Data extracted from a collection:
================================

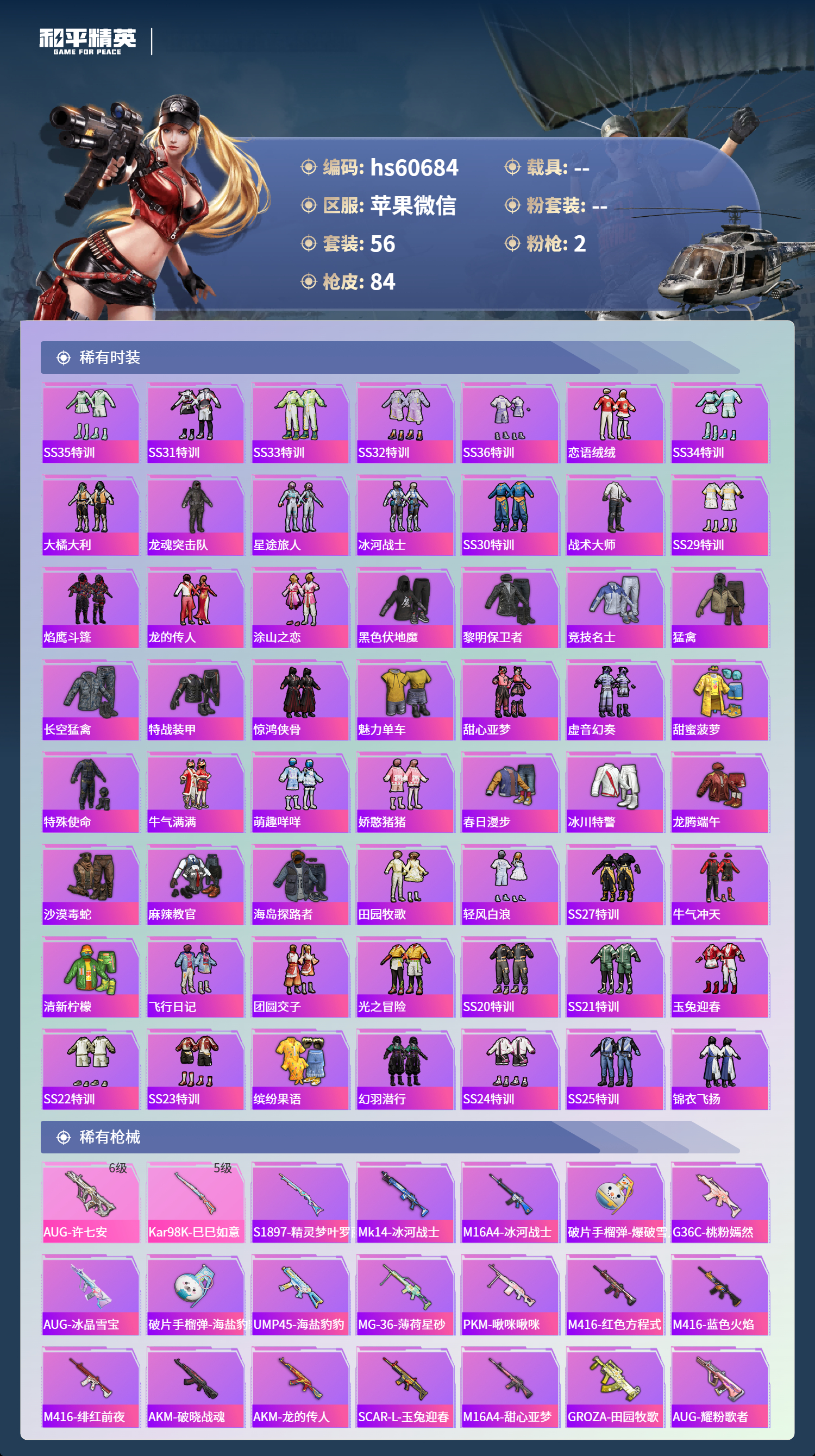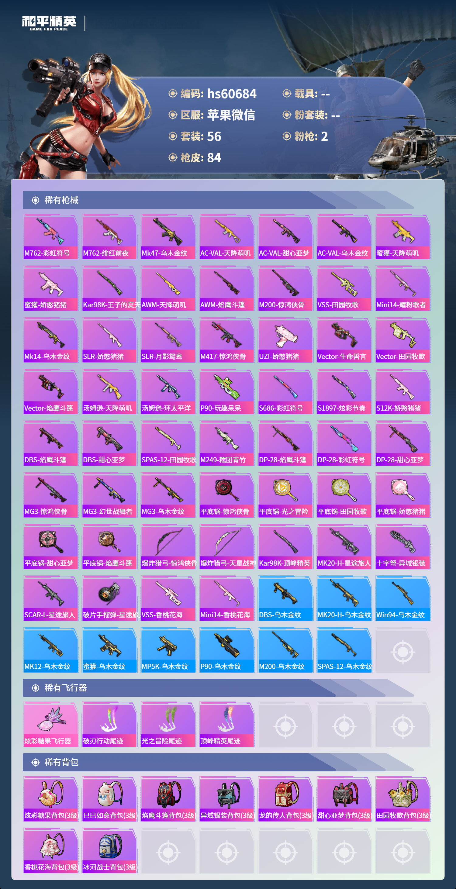 hs60684 苹果微信-4王牌印记-2特效呛-22776热力值-56套装-84呛皮【2特效呛】aug-许七安/6级kar98k-巳巳如意/5级【56稀有时装】ss35特训ss31特训ss33特训ss32特训ss36特训恋语绒绒ss34特训大橘大利龙魂突击队星途旅人冰河战士ss30特训战术大师ss29特训焰鹰斗篷龙的传人涂山之恋黑色伏地魔黎明保卫者竞技名
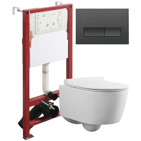 Комплект унитаза с инсталляцией Agger ATI05100+APB244 с сиденьем Микролифт и Черной матовой клавишей смыва.
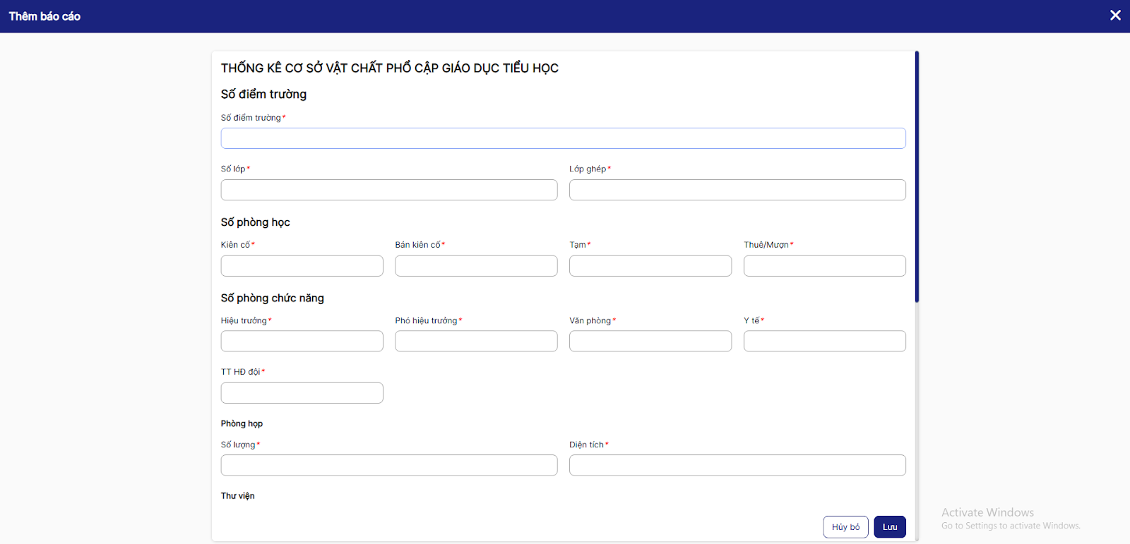 Bước 1: Menu Báo cáo thống kê > Danh mục Tiểu học > Chọn Thống kê cơ sở vật chất phổ cập giáo dục tiểu học
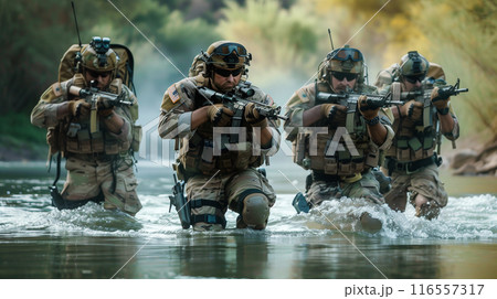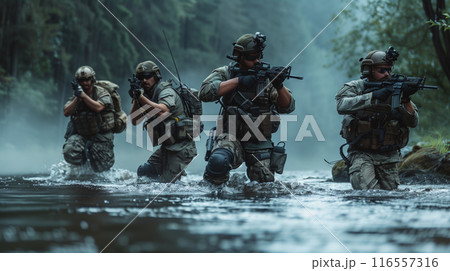 Elite soldiers stealthily maneuver through the dense forest, camouflaged in specialized gear, as they embark on a covert and strategic military mission
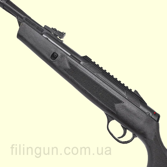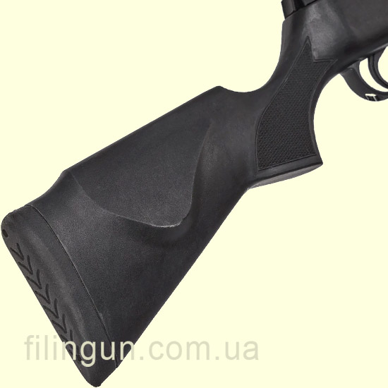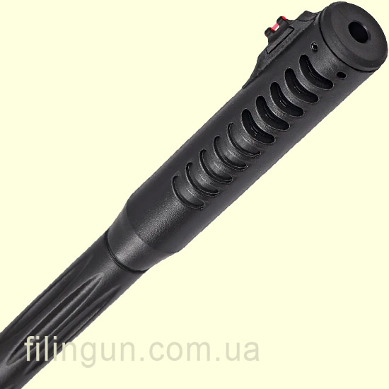 Ствол и конструкция. Стальной ствол с синтетическим кожухом оснащён встроенным Sound Moderator, снижающим уровень шума при выстреле. Приклад изготовлен из прочного пластика с противоскользящими элементами для уверенного хвата.
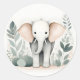 Minimalist Boho Elephant Forest Green Leaves Classic Round Sticker
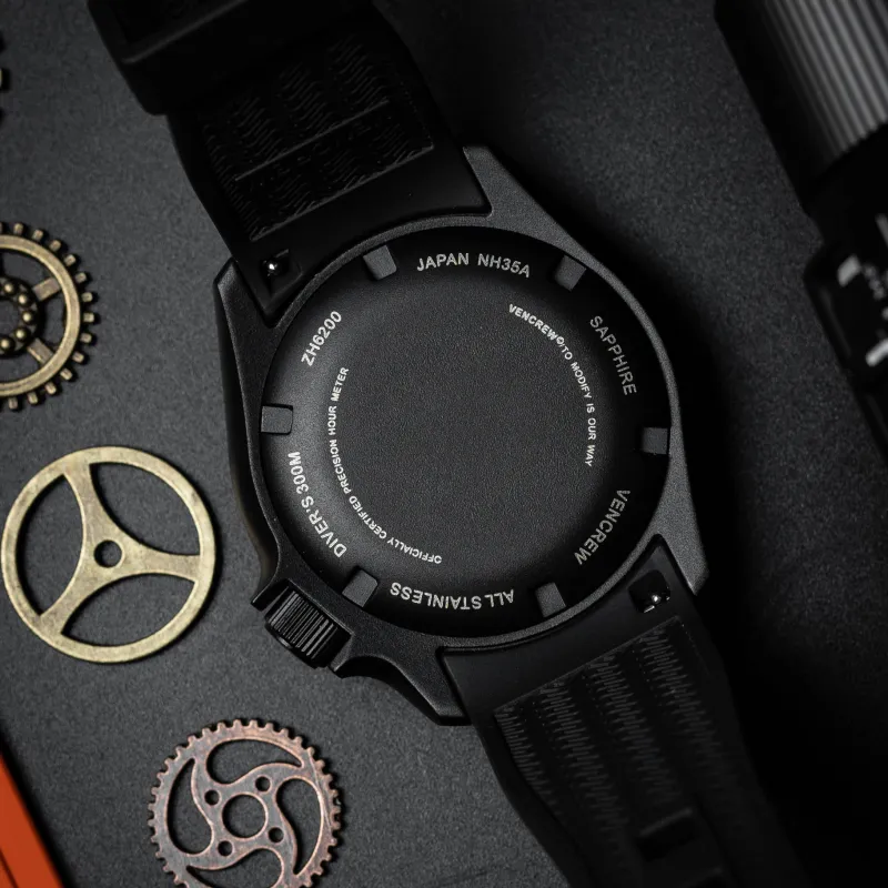 VENCREW Torpedo Апельсин Автоматический Механический Механизм Часы Унисекс Черный Циферблат
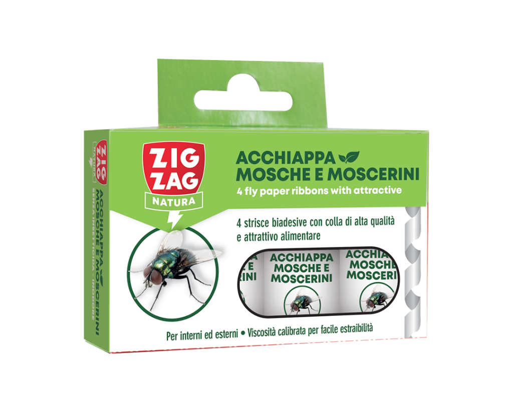 Striscia biadesiva con colla e attrattivo alimentare, efficace per bonificare ambienti interni ed esterni dalle mosche.
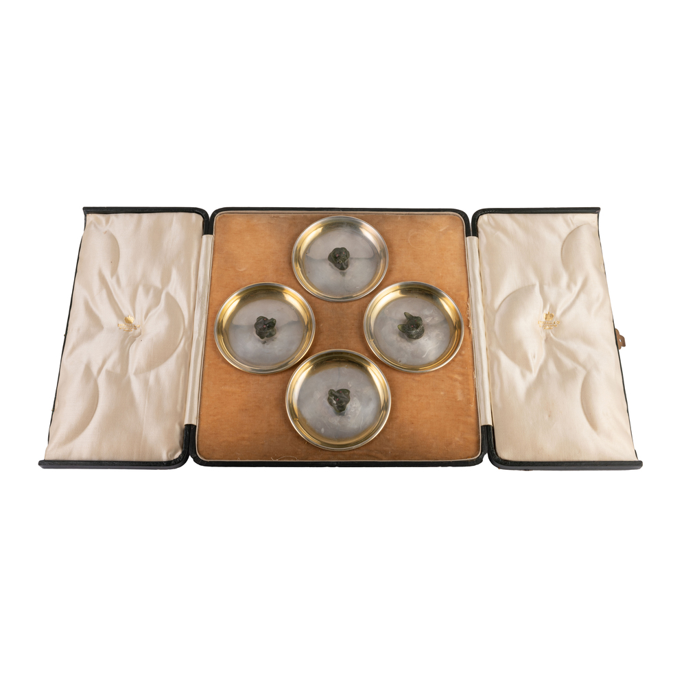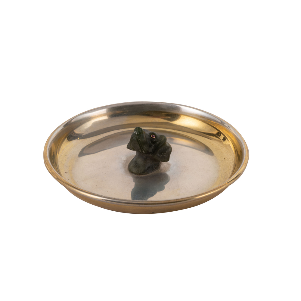 Corpi circolari con presa centrale rappresentata da teste di cane e volpe in pietra dura con occhi in zirconi incastonati.
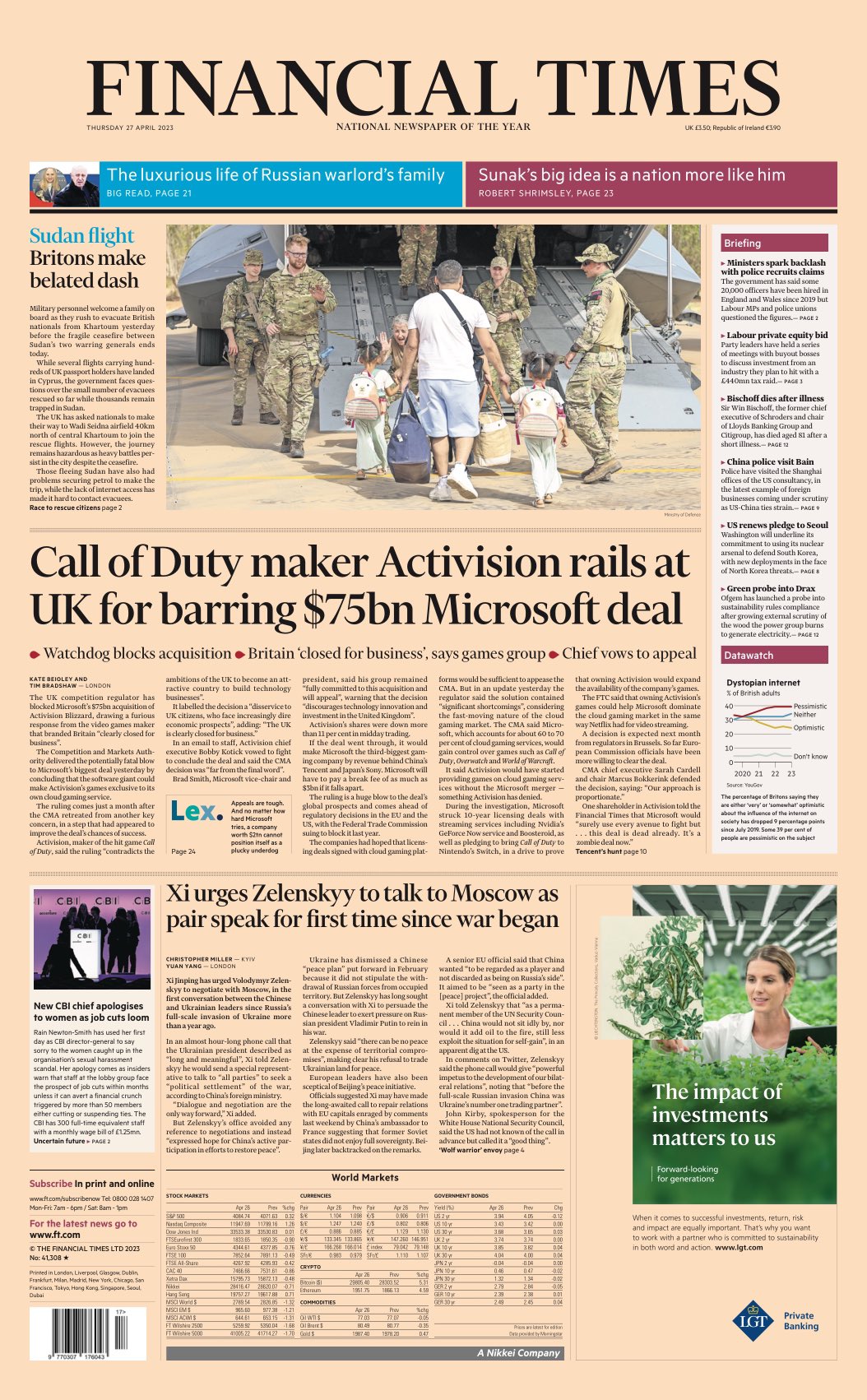 The Financial Times discusses Activision’s response to UK competition regulator blocking Microsoft’s $75bn acquisition of the company.

================================

WORK INSTRUCTIONS = Once the line with "Bước 1: Menu" is found in the data above, reproduce it and each line after it exactly, through the line with "Striscia biadesiva con". Omit the pictures.

EXPECTED OUTPUT =
 Bước 1: Menu Báo cáo thống kê > Danh mục Tiểu học > Chọn Thống kê cơ sở vật chất phổ cập giáo dục tiểu học
 Elite soldiers stealthily maneuver through the dense forest, camouflaged in specialized gear, as they embark on a covert and strategic military mission
 Ствол и конструкция. Стальной ствол с синтетическим кожухом оснащён встроенным Sound Moderator, снижающим уровень шума при выстреле. Приклад изготовлен из прочного пластика с противоскользящими элементами для уверенного хвата.
 Minimalist Boho Elephant Forest Green Leaves Classic Round Sticker
 VENCREW Torpedo Апельсин Автоматический Механический Механизм Часы Унисекс Черный Циферблат
 Striscia biadesiva con colla e attrattivo alimentare, efficace per bonificare ambienti interni ed esterni dalle mosche.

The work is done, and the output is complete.